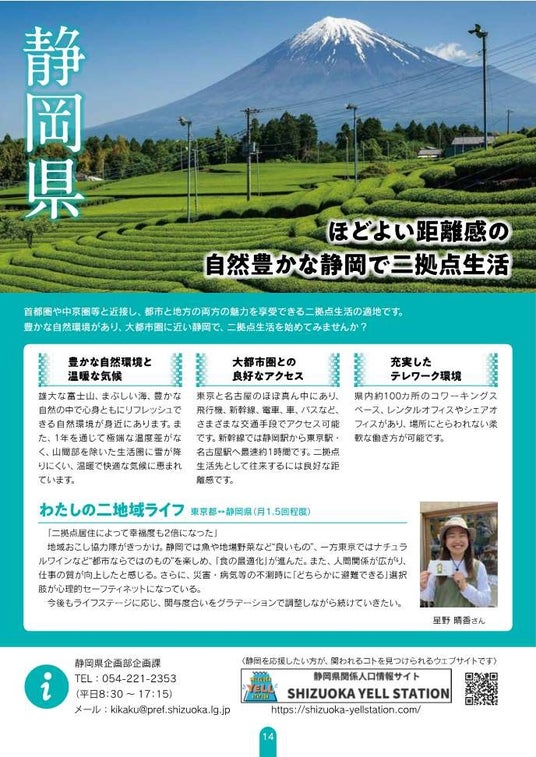 共同出展ブースにて、リーフレット『二地域居住のすすめ』を活用し、静岡県の「二拠点生活」の魅力を発信します。
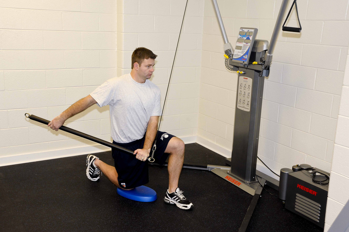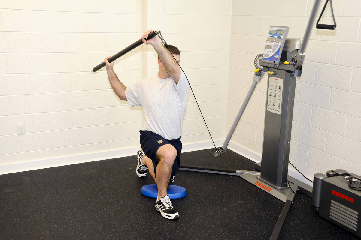 You can do the initial test a few different ways. One way is to get into an open area with a firm or hard surface and perform a chop bounce pass to the left and right 3 times each from half kneeling and tall kneeling positions. Mark and measure the distance the ball travels in the air after the first bounce, to the spot from where it was thrown. Look for left to right differences greater than 10 percent. If the greatest difference is observed in tall kneeling position, then work on the weaker side in that position. If the greatest difference is observed in half kneeling position, then work on the weaker side in that position. If a significant difference is not seen, than alternate your workout between tall kneeling and half kneeling throws equally to the right and left.
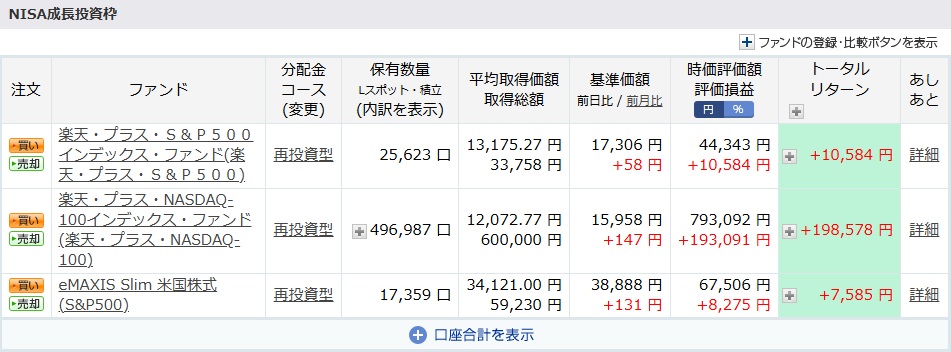 - eMAXIS Slim 米国株式(S&P500) 100,000円

What you need to do: Return the lines above exactly; the images are not part of the copy.

Answer space:
 共同出展ブースにて、リーフレット『二地域居住のすすめ』を活用し、静岡県の「二拠点生活」の魅力を発信します。
 You can do the initial test a few different ways. One way is to get into an open area with a firm or hard surface and perform a chop bounce pass to the left and right 3 times each from half kneeling and tall kneeling positions. Mark and measure the distance the ball travels in the air after the first bounce, to the spot from where it was thrown. Look for left to right differences greater than 10 percent. If the greatest difference is observed in tall kneeling position, then work on the weaker side in that position. If the greatest difference is observed in half kneeling position, then work on the weaker side in that position. If a significant difference is not seen, than alternate your workout between tall kneeling and half kneeling throws equally to the right and left.
 - eMAXIS Slim 米国株式(S&P500) 100,000円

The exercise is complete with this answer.